Thursday, May 06, 2021
German Clergy Defy Vatican On Gay Blessings
Catholic clergy are preparing to bless gay couples across Germany in defiance of a recent Vatican ban on the practice, in the latest sign of how far liberal German Catholics are pushing the boundaries of the Vatican’s authority and teachings to forge a more progressive version of their church.
Priests and some lay ministers are planning coordinated ceremonies blessing gay relationships in about 100 Catholic churches and other venues in Germany, including Essen Cathedral, over the next few days, most of them on Monday. Almost 20 events will be live-streamed.
Such blessings have become common over the past decade in Germany and some other parts of Northern Europe, but they have usually taken place quietly, in places other than churches. Monday’s highly visible ceremonies will mark a protest against a Vatican declaration in March, approved by Pope Francis, prohibiting the blessing of same-sex relationships on the grounds that God “cannot bless sin.”
“It always has been a little bit kind of a secret,” said the Rev.
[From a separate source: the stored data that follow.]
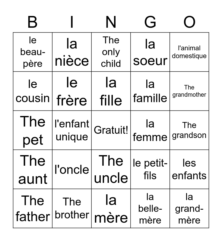 This bingo card has a free space and 49 words: le grand-père, la grand-mère, le père, la mère, l'oncle, la tante, la nièce, le neveu, le cousin, la cousine, le frère, la soeur, les enfants, le petit-fils, la petite-fille, le fils, la fille, la femme, le mari, l'animal domestique, l'enfant unique, la belle-mère, le beau-père, la famille, The grandfather, The grandmother, The father, The mother, The uncle, The aunt, The niece, The nephew, The male cousin, The female cousin, The brother, The sister, Free, The children, The grandson, The granddaughter, The son, The daughter, The wife, The husband, The pet, The only child, The stepmother, The stepfather and The family.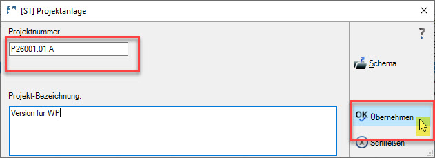 Jetzt können Sie die Projektnummer manuell eintragen und mit “OK übernehmen” speichern.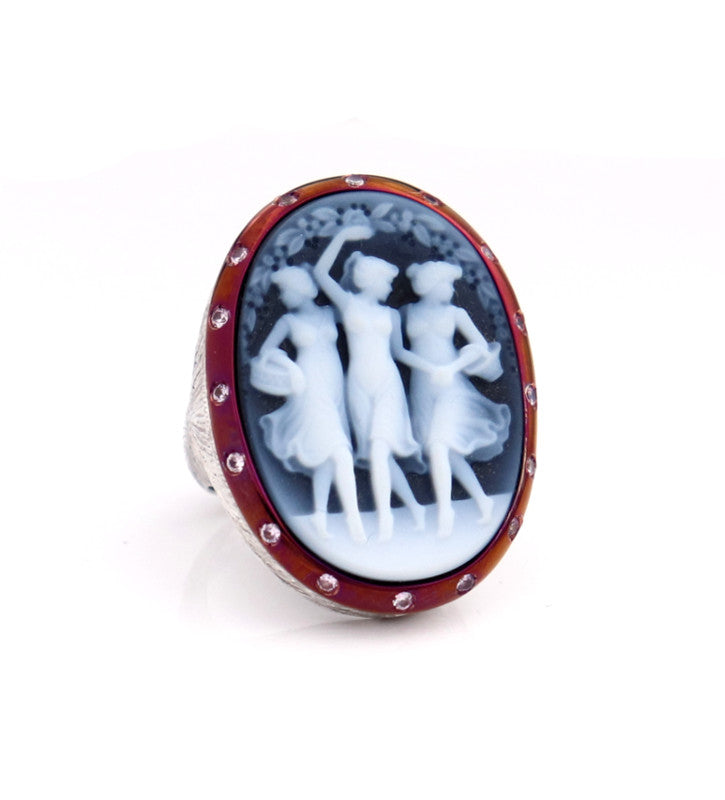 Cammeo: agata 30mm intagliata a manoMetallo: argento sterling rodio bianco e titanio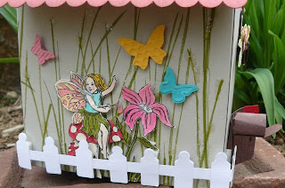 The house has a little door and mailbox, a white picket fence, a window box and an adorable chimney on top of a slate roof. I used the Inspired by Nature set to stamp the grass on all sides of the house.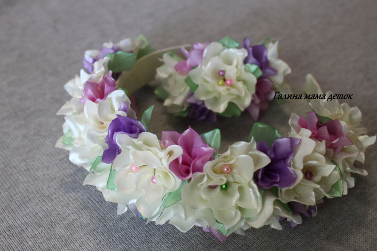 1. украшение на пучок розово-сиренево-фиолетовое.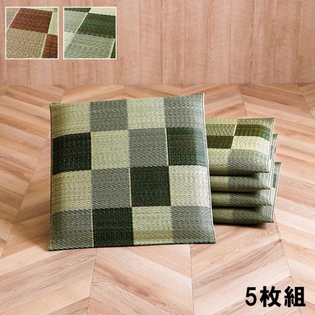 Japanese-made rush grass cushions (zabuton), block pattern, set of 5, approximately 55 x 55 cm.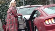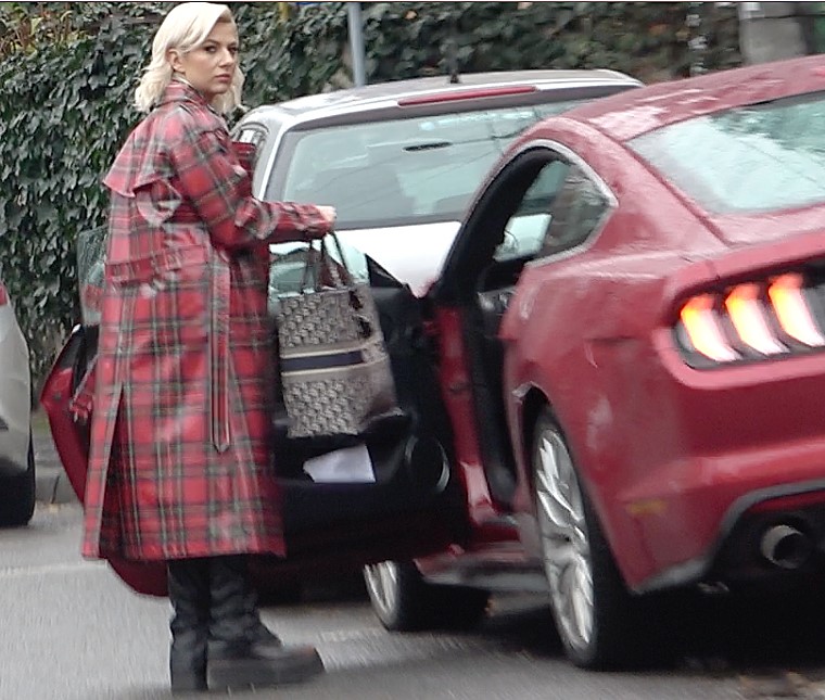 Nici în privința stilului vestimentar nu s-a lăsat mai prejos și a abordat o ținută fashion, parcă ruptă de pe străzile Londrei. Aceasta a fost surprinsă purtând o bluză neagră și o pereche de pantaloni de piele, pe deasupra, fiind îmbrăcată cu un superb trench în carouri, care se asorta de minune cu mașina pe care o conduce.
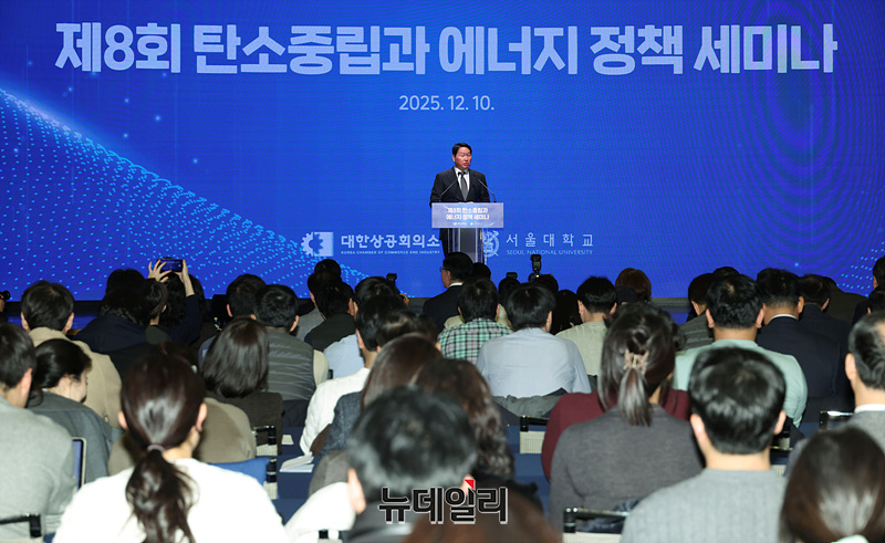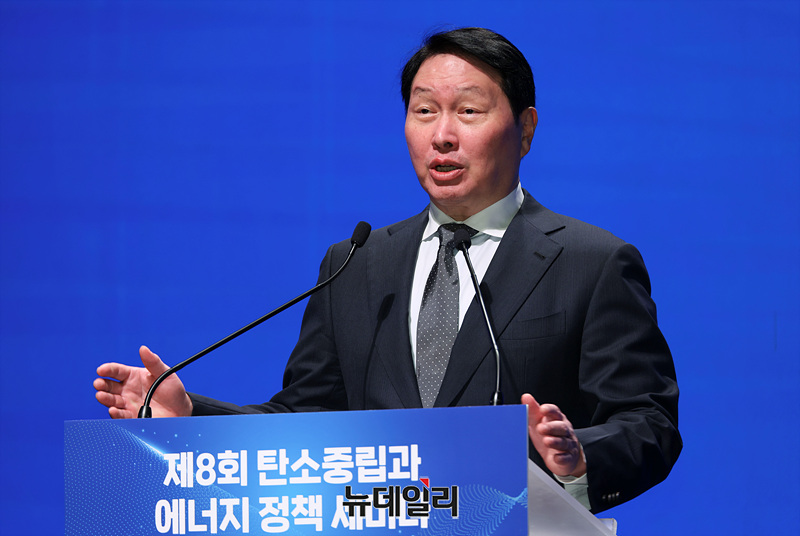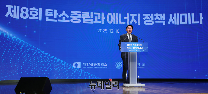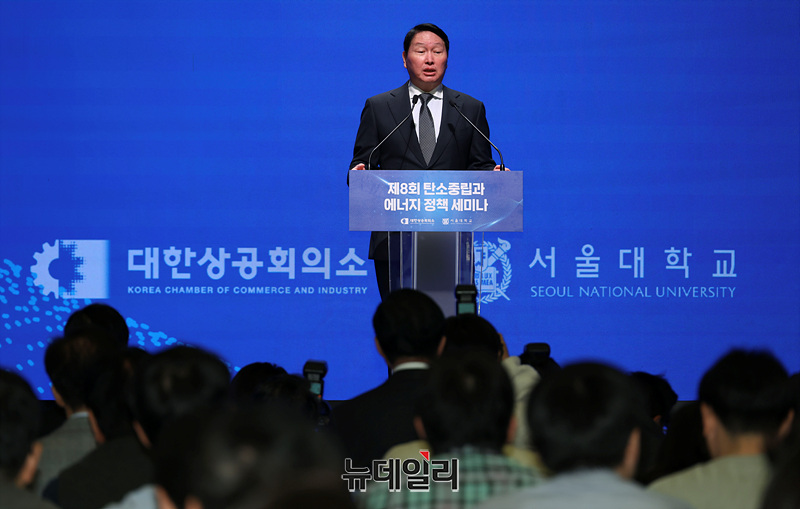 최태원 대한상공회의소 회장이 10일 오후 서울 중구 대한상공회의소에서 열린 제8회 탄소중립과 에너지 정책 세미나에서 환영사를 하고 있다.

Christian Olding, a Catholic priest in the northwestern town of Geldern, who says he has blessed about 10 same-sex couples in the past eight years. “This is the first time that we are going this way in society, to do it visibly for everyone.”
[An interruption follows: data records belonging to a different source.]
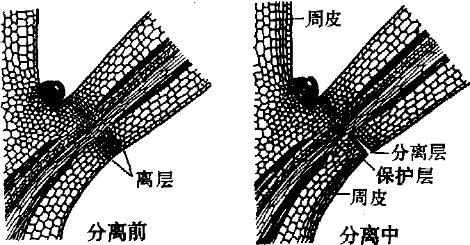 蔬菜器官脱落都发生在离层区。离层区由几层较小、细胞质较浓稠、木质和细胞壁物质沉积较少的细胞组成(见图)。离层区组织分化形成缓慢,多年生植物有时可长达数年。脱落发生在离层区中分离层,开始是分离层分泌水解细胞纤维素和果胶的水解酶,这时呼吸作用加强,并伴随核糖核酸(RNA)和蛋白质合成同步上升,果胶分解酶——多聚半乳糖醛酸酶增多,果胶甲酯酶活性下降。在几小时内细胞壁肿起,细胞质丧失边膜,开始溃解,纤维素的水解导致细胞最后的分离。由靠近分离层的细胞在脱落前分裂形成保护层,或直接在紧靠分离层的细胞中沉积木栓和木质,形成保护层。脱落需能量和氧。温度高低决定脱落速度。碳水化合物和矿物质缺乏会促进脱落。植物内源激素消长平衡明显影响脱落,脱落启动时内源脱落酸(ABA)迅速上升,外源ABA可启动脱落,而乙烯也有促进脱落的作用。生长素、赤霉素和细胞分裂素是抑制衰老和脱落的激素,当器官衰老脱落时其含量都明显下降。但在离层区已开始活动情况下低剂量吲哚乙酸(IAA),在接近离层的一端处理,反而促进脱落;当乙烯存在时,赤霉素(GA)会促进水解酶的合成而成为促进脱落的因素。因而上述激素对脱落的控制,并不依赖单个激素在某个器官中存在,而是取决于它们在离层与其他器官间的平衡以及脱落酸与吲哚乙酸、赤霉素、细胞分裂素(cytokinin)比率的高低。
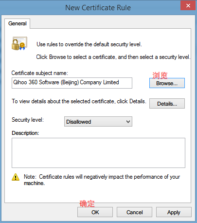 以拉黑 360 的证书为例,点击浏览按钮,然后选择 360 的证书,点击确定之后,你的电脑就无法启动 360 的安装包了。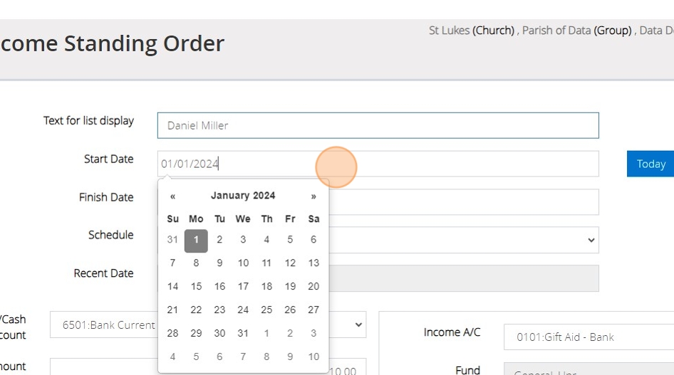 6. If the standing order already has a date at which it is set to finish, you can also enter that in the 'Finish Date' box.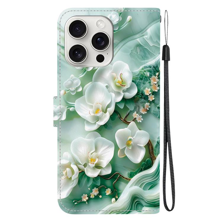 Funda de Cuero para iPhone 16 Pro Max con Dibujo de Colores y Textura de Cristal (Flores de Jade)

Since his election in 2013, Pope Francis has contended with deepening divisions in the global Catholic Church between conservatives, including in the U.S. and Africa—who are uncomfortable with his more liberal approach to matters including divorce and homosexuality—and progressives, with Germany in the vanguard, who are impatient with what they see as a reluctance to back substantive change.
The prohibition of gay blessings by the Vatican’s doctrinal office was seen in Germany as an example of that resistance to change. Vatican officials are anxious about a national synod of German Catholics, under way since last year, that is debating a number of overhauls, including the ordination of women, greater roles for laypeople in church governance, and the revision of church teaching on homosexuality.
Conservative bishops in Germany, the U.S. and elsewhere have warned that such changes could lead to a schism in the universal church. Pope Francis and Vatican officials have more than once admonished German church leaders not to go their own way.
The German synod “is an instrument to adapt the teaching of the Catholic Church to the demands of the Western world that has largely fallen away from God. It neither respects the apostolic tradition nor seems to care about the majority of faithful believers in the universal church,” said Gabriele Kuby, a German writer and sociologist.